[Collection entries]
◇ ◇ ◇
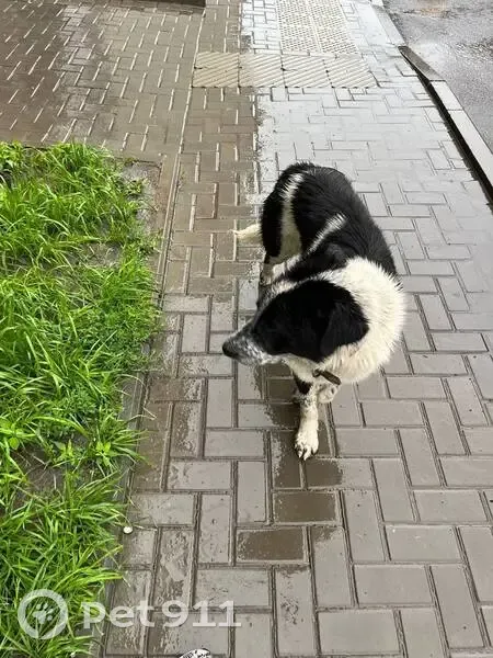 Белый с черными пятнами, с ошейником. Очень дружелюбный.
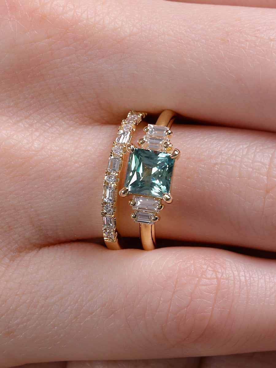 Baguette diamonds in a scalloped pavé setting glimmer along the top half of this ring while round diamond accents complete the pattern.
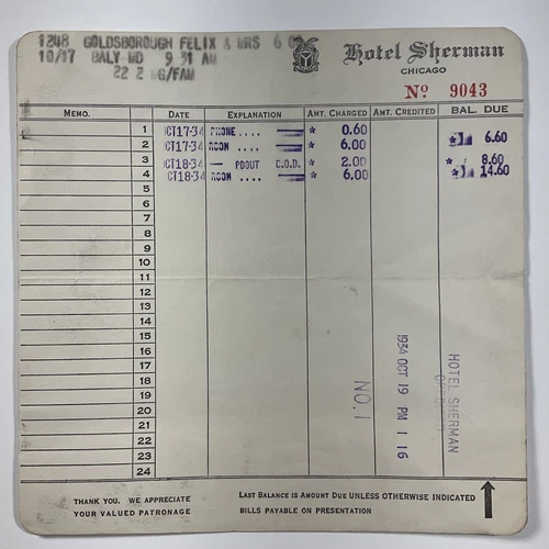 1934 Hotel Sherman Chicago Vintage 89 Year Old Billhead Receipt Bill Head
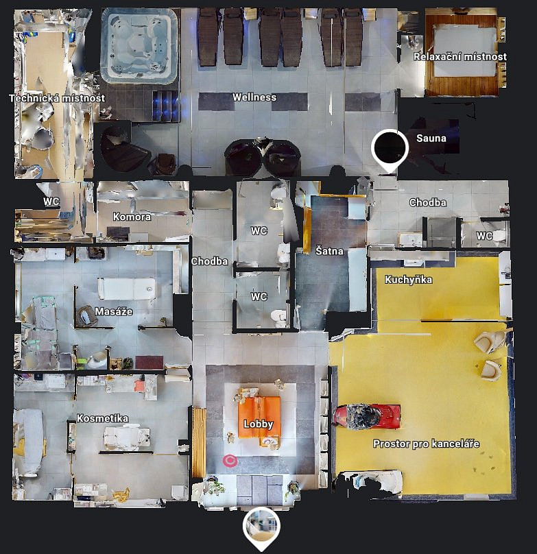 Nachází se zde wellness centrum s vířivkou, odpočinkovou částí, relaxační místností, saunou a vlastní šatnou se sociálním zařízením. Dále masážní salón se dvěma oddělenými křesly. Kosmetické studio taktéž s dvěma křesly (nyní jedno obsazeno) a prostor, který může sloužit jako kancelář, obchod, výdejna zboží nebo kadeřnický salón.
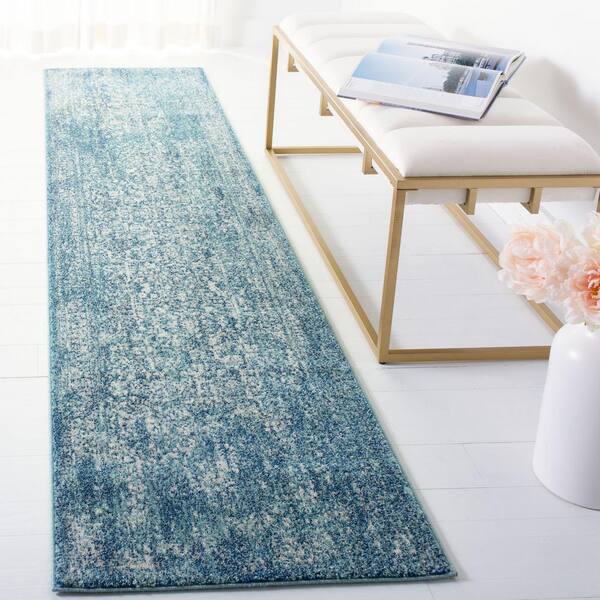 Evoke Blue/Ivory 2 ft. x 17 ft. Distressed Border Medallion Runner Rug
◇ ◇ ◇
Taking the entries above, extract every line from the one bearing "Baguette diamonds in" through the one bearing "1934 Hotel Sherman", exactly, with no pictures.

Exercise solution =>
 Baguette diamonds in a scalloped pavé setting glimmer along the top half of this ring while round diamond accents complete the pattern.
 1934 Hotel Sherman Chicago Vintage 89 Year Old Billhead Receipt Bill Head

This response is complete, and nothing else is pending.